No this is to be expected. Modern Operating Systems use so called virtual memory, which only get's mapped onto physical memory when it is used.
On Unix systems you can easiely see virtual and physical memory usege. For example:
program Test;
begin
GetMem(1024*1024*1024); // Alloc 1 Gig
ReadLn; // avoid closing
end.
Compiling and executing and looking into top:
Tasks: 10 total, 1 running, 8 sleeping, 1 stopped, 0 zombie
%Cpu(s): 0.0 us, 0.3 sy, 0.0 ni, 99.7 id, 0.0 wa, 0.0 hi, 0.0 si, 0.0 st
MiB Mem : 15941.52+total, 15191.93+free, 694.270 used, 313.387 buff/cache
MiB Swap: 4096.000 total, 4096.000 free, 0.000 used. 15247.25+avail Mem
PID USER PR NI VIRT RES SHR S %CPU %MEM TIME+ COMMAND
...
345 frederic 20 0 1048988 4 0 T 0.000 0.000 0:00.00 test
...
As you can see, the process test takes about 1 gig of virtual memory (VIRT), but only 4 Kbytes of phsyical memory (RES)

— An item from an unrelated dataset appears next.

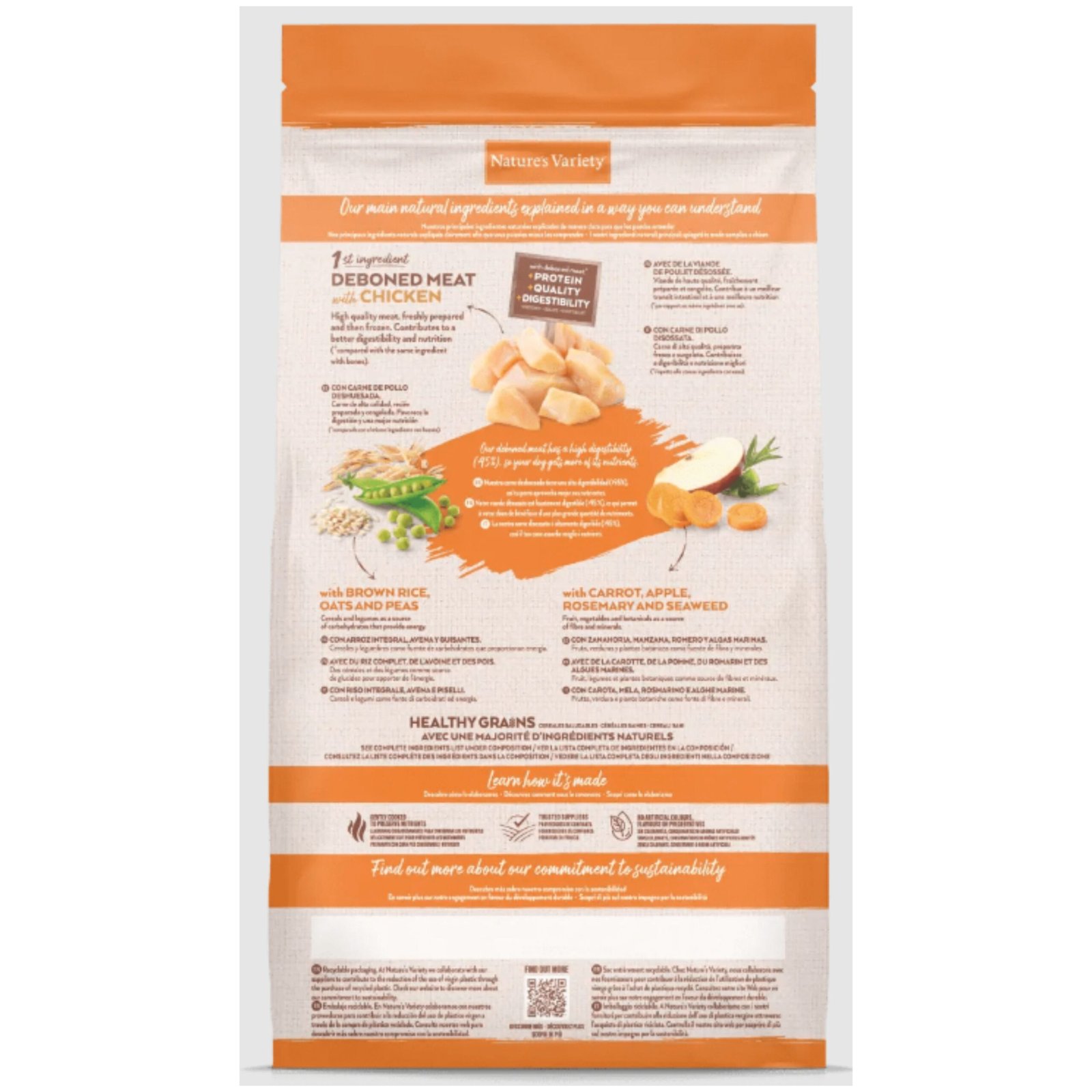 NATURES VARIETY HEALTHY GRAIN MINI ADULT POLLO 1,5 Kg.Alimento completo y equilibrado para perros adultos de pequeño tamaño.Elaborado con carne de pollo campero deshuesada como principal ingrediente. Complementado con frutas y verduras cuidadosamente seleccionadas y cereales saludables.ComposicionCarne de pollo deshuesada* (20%), proteína deshidratada de pollo (19%), guisantes deshidratados* (13%), avena* (12%), arroz integral* (7%), cebada integral*, grasa avícola* (6%), proteínas animales hidrolizadas (ave, cerdo, pescado) (4%), proteína de maíz, pulpa de remolacha*, sustancias minerales, zanahoria deshidratada* (0,5%, equivalente a un 4% de zanahoria fresca), manzana deshidratada* (0,3%, equivalente a un 2% de manzana fresca), algas marinas deshidratadas (kelp)* (0,01%), romero deshidratado* (0,01%). *Ingredientes naturalesAditivos Nutricionalesvitamina A 27000 IU, vitamina D3 1200 IU, vitamina E 650 mg, vitamina C 300 mg, sulfato de hierro(II) monohidratado 260 mg (Fe: 86 mg), yoduro de potasio 1.9 mg (I: 1.4 mg), sulfato de cobre(II) pentahidratado 33 mg (Cu: 8.8 mg), sulfato de manganeso monohidratado 123 mg (Mn: 40 mg), sulfato de zinc monohidratado 370 mg (Zn: 135 mg), selenito de sodio 0.24 mg (Se: 0.11 mg)Componenetes Analiticos29% – proteína bruta17% – grasa bruta3% – fibra bruta7,5% – ceniza bruta0,2% – omega 33,1% – omega 6

If we now touch this memory once:
program Test;
var
p: PInteger;
begin
p := GetMem(1024*1024*1024);
FillChar(p^, 1024*1024*1024, #00);
ReadLn;
end.
We get in top:
top - 14:45:27 up 5 min, 0 users, load average: 0.02, 0.01, 0.00
Tasks: 11 total, 2 running, 8 sleeping, 1 stopped, 0 zombie
%Cpu(s): 0.6 us, 3.6 sy, 0.0 ni, 95.9 id, 0.0 wa, 0.0 hi, 0.0 si, 0.0 st
MiB Mem : 15941.52+total, 14512.57+free, 1284.270 used, 405.113 buff/cache
MiB Swap: 4096.000 total, 4096.000 free, 0.000 used. 14657.25+avail Mem
PID USER PR NI VIRT RES SHR S %CPU %MEM TIME+ COMMAND
544 frederic 20 0 1048988 578216 172 R 86.67 3.542 0:00.13 test
Which no has a massive physical memory usage (it's not quite the virutal one because operating systems are complicated).
This is actually quite adventaguous for development, because this means that (virtual) memory is free, and you can allocate as much as you want, and it will only be physically allocated when you use it.
This allows you to do things like when creating a list, pre-allocate all the memory you could possibly need (e.g. a gigabyte of data), and then fill that list. The memory will only be used as much as you filled the list.
This can be quite advantaguous for example for gemoetricly growing datastructures or things like that.